Nothing. A gateway is a public node. Currently there is nothing to stop a
public node from being taken down. The cluster will be isolated, but not
shut down. The alternative is that they all get shut down. Some trading
can still occur just within the cluster until they find a new
gateway. Also, there can be multiple gateways for a cluster, so shutting
down one gateway wouldn't necessarily isolate the cluster.

> How do people reliably find another Freenet node which they trust, and
> which can trust them?

Since this must occur out-of-band, the particular mechanism is
situational. The same ways that you form any sort of persecuted group. You
start a small cluster with people you know. As you meet more people that
you think you can trust you add them and hope that none of them are
agents. If you can't find people to trust then you can take your chances
with running a public node or you can give up.

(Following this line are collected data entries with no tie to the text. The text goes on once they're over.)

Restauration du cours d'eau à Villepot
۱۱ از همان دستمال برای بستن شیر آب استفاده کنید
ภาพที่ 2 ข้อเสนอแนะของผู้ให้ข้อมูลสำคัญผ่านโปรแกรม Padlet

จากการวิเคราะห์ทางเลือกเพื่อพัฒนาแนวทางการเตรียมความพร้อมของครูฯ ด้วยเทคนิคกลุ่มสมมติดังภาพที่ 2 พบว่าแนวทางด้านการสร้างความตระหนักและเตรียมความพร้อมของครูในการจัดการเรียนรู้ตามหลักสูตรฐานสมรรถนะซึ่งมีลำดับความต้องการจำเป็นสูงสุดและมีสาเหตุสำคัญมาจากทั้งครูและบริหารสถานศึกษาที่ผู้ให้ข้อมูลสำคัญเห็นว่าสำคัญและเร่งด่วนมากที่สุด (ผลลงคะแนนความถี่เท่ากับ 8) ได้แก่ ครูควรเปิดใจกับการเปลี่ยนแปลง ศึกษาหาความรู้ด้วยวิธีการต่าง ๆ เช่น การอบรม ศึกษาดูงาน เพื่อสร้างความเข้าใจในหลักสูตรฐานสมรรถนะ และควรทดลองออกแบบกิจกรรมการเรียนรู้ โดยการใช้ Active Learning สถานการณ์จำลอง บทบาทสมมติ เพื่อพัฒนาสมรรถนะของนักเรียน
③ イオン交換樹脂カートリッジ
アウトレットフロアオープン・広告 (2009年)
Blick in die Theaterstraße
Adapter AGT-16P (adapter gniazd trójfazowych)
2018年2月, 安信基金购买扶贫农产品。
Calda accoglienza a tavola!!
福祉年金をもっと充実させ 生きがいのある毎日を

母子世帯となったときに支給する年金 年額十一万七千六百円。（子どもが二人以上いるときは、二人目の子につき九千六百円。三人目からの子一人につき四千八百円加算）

> Why won't the gateway become a bottleneck if all requests for information
> not stored within the local cluster must pass through it?

First of all, it is likely that because of the isomorphism between a group
of people that know and trust each other and the cluster, it is likely
that there will be some overlap between requested files. This means that a
greater percentage of requests will be serviced by the local network than
in a normal public network.

However, ignoring that, the gateway acts as a bottleneck going out of the
cluster but not going into the cluster. (I'll post a separate post to
substantiate this claim.) So yes, from inside the cluster if you want to
request something outside of the cluster, you have to go through one of
the gateways. There can of course be multiple gatways. But it is of course
an issue that if you only have a few gateways and a lot of nodes in the
cluster that the gateways will become overloaded and things will get
slow. If that happens, you can always run a public node or try to find
another gateway to balance out the cluster's load.

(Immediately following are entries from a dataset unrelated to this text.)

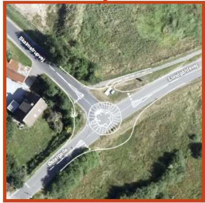
Forslag til krydsombygninger der leder trafik uden om Stoholm bymidte © COWI / 17. januar 2017 / K&C I:\Cowi\net\proj\1A86570\00\DK\iser_K&C
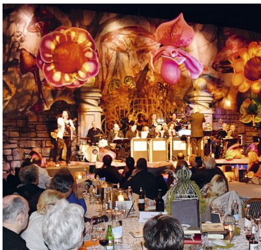
Ein Rekord: 24 Leute auf der Bühne.
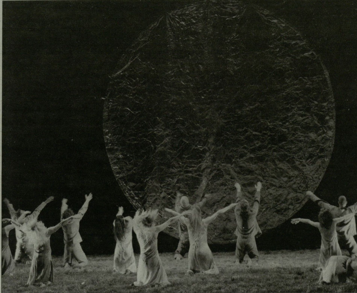
„Jöjj, Nap fénye, melegíts...” Jelenet az előadásból
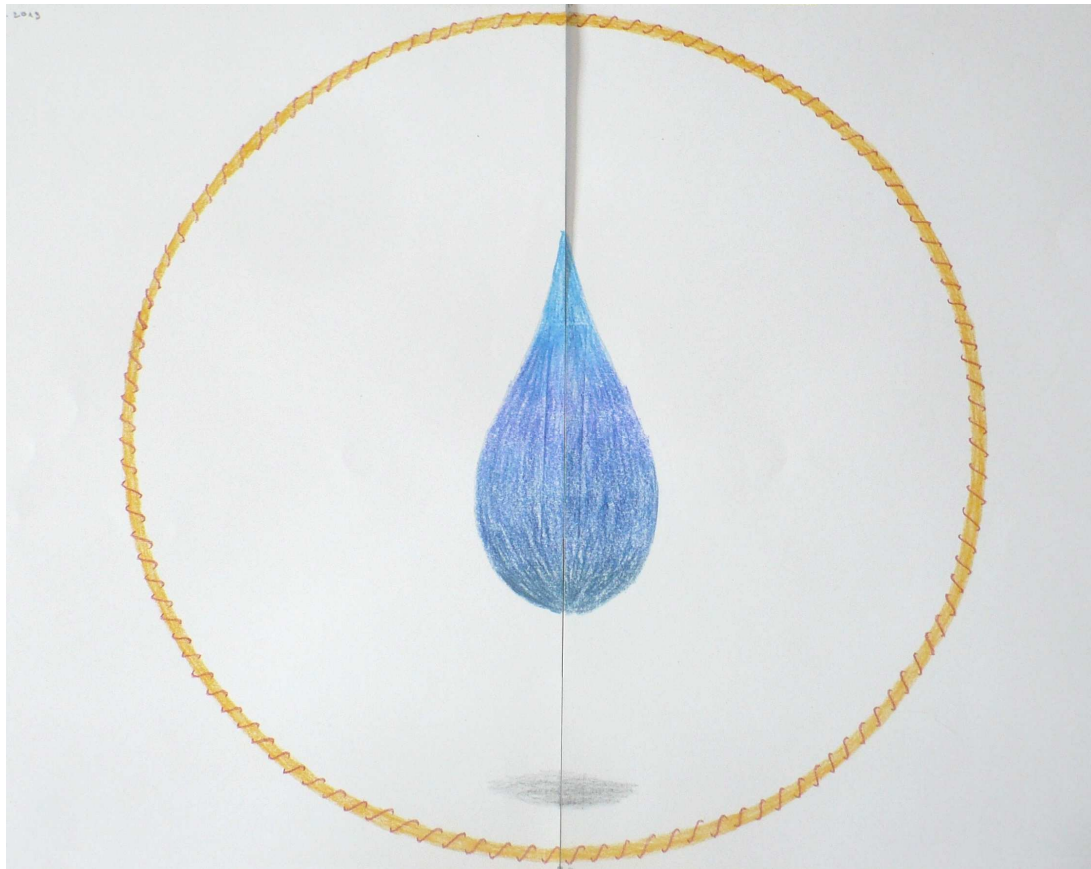
5. mandala – Štěpán

Druhý obraz, na němž ukážu posloupnost objevování významu ze ztvárnění, pochází od Štěpána.

It is important to note, however, that while it is possible that being in
a cluster could suck (in which case become a public node if it sucks so
much that it's worth the risk to you), a cluster will not degrade the
performance of the public network. People in clusters should be allowed to
degrade their performance if they feel like it but of course should not be
able to degrade the performance of the public network, which they won't.

> Explain how someone efficiently attempts to do a DH key-exchange with
> 65,000 ports on a machine which could be at the end of a 56k modem?

If you have a lot of machines and a lot of bandwidth dedicated to just
this purpose, you can do this. I don't think this is an unreasonable
resource for an attacker to have if we're considering governments to be
potential attackers.

> No shit.  The point is that I think that you are wrong.  Also, you
> suggested this before - what was the general opinion then - I seem to
> recall that it resulted in Oskar making some disparaging remarks about
> your understanding of how Freenet works.  Can you remind me when you last
> suggested it so that I can check the archives?

Everything I say results in Oskar making some disparaging remarks about my
understanding of how Freenet works. Let's critique my proposal further and
not my character. And I have no idea when I last suggested this.